• **Task statement**: Reproduce only this stretch of the listing below: from the line with "- Central Vacuum, Dressing" through the line with "Green leaf pot", exactly as written, with pictures excluded.

• **Given entries**:
"""

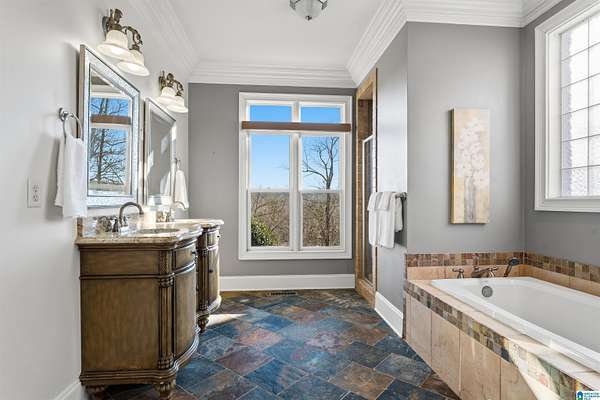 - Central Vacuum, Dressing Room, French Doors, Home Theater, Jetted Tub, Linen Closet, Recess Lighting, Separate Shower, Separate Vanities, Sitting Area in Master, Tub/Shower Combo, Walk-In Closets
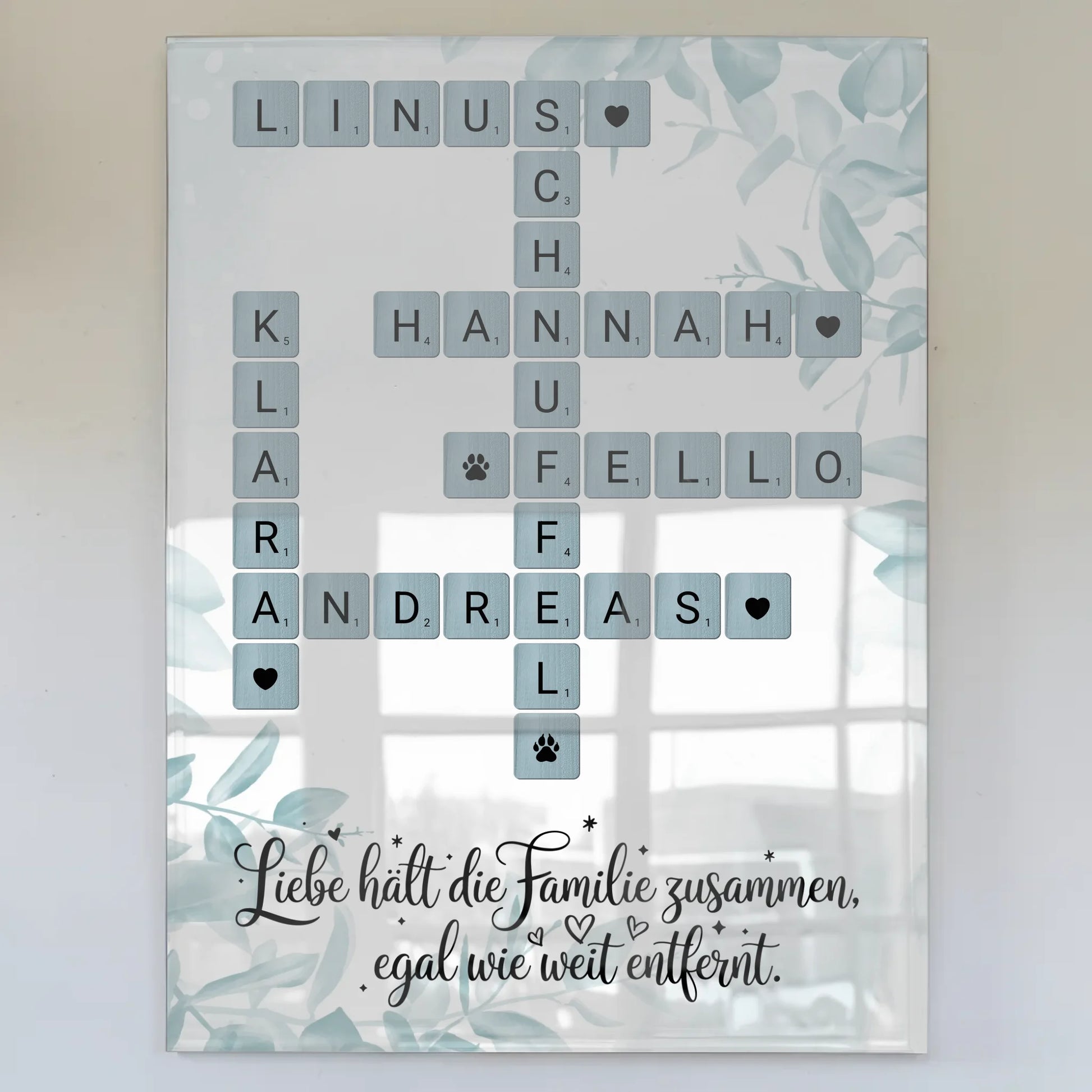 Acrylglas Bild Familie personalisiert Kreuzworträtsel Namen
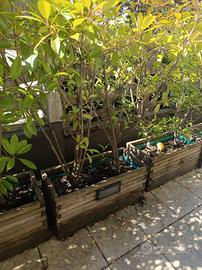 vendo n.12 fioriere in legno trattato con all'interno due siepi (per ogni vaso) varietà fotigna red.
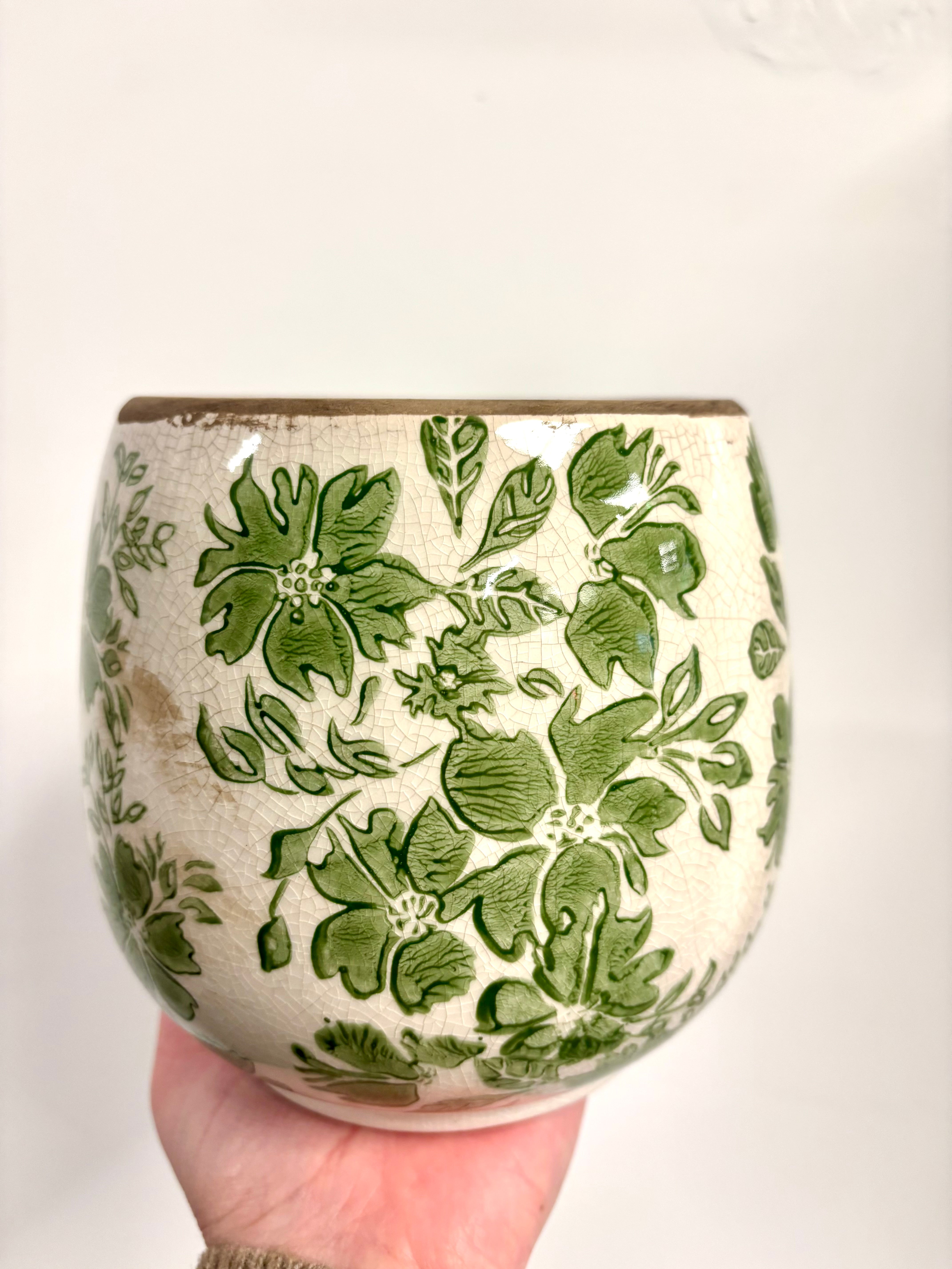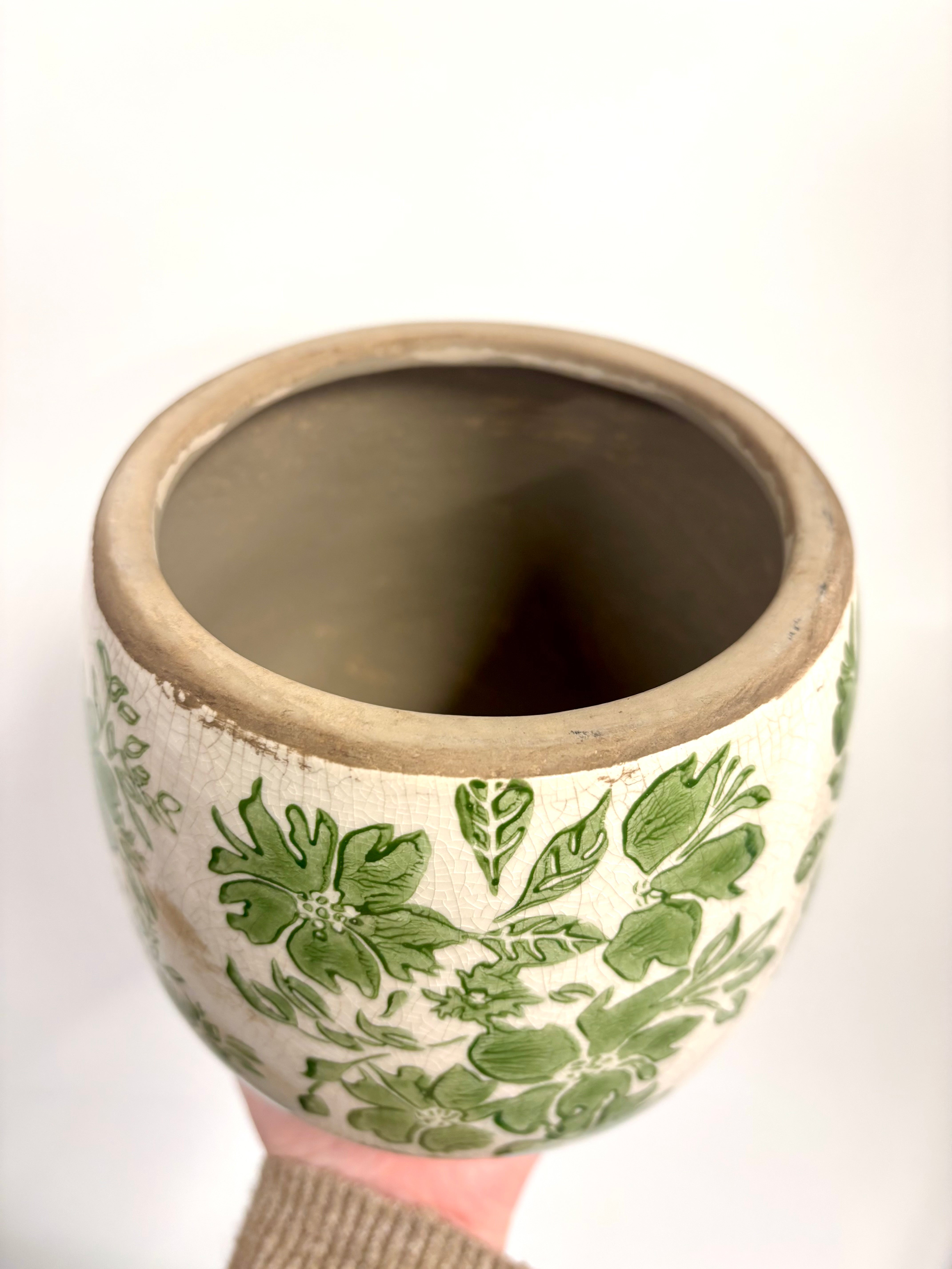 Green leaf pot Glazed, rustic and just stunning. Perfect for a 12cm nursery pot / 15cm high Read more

"""
"""

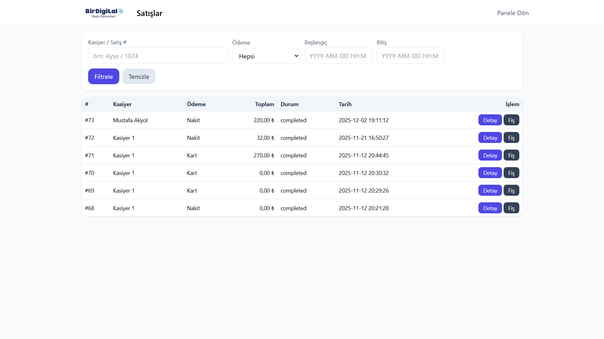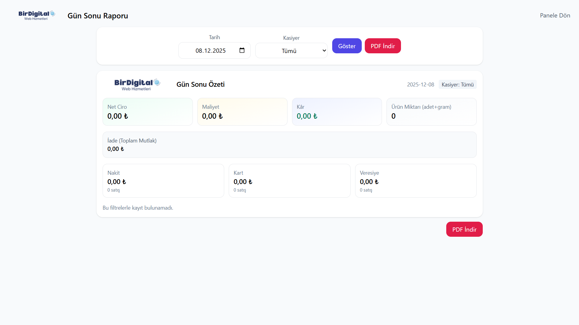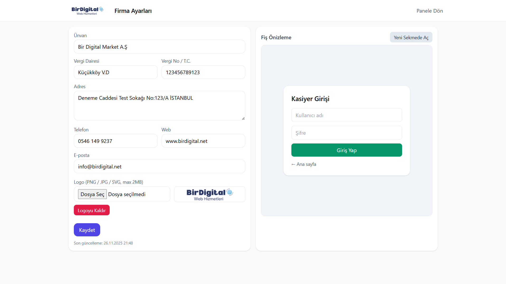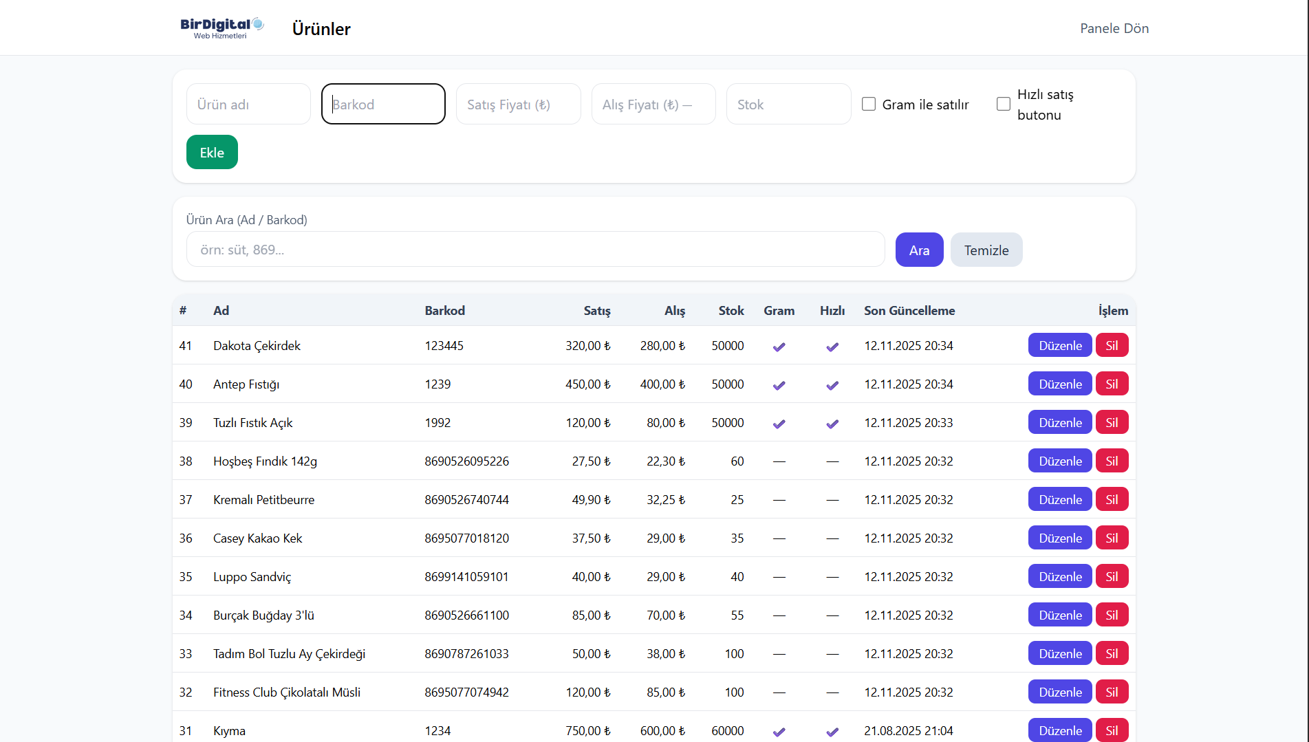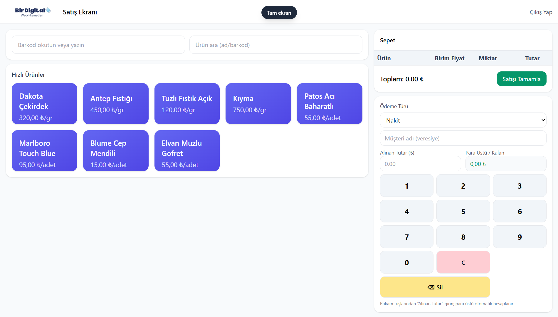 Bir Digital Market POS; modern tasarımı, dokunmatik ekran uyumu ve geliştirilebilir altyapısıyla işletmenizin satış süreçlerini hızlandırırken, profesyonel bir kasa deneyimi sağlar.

"""

• **Solved exercise**:
 - Central Vacuum, Dressing Room, French Doors, Home Theater, Jetted Tub, Linen Closet, Recess Lighting, Separate Shower, Separate Vanities, Sitting Area in Master, Tub/Shower Combo, Walk-In Closets
 Acrylglas Bild Familie personalisiert Kreuzworträtsel Namen
 vendo n.12 fioriere in legno trattato con all'interno due siepi (per ogni vaso) varietà fotigna red.
 Green leaf pot Glazed, rustic and just stunning. Perfect for a 12cm nursery pot / 15cm high Read more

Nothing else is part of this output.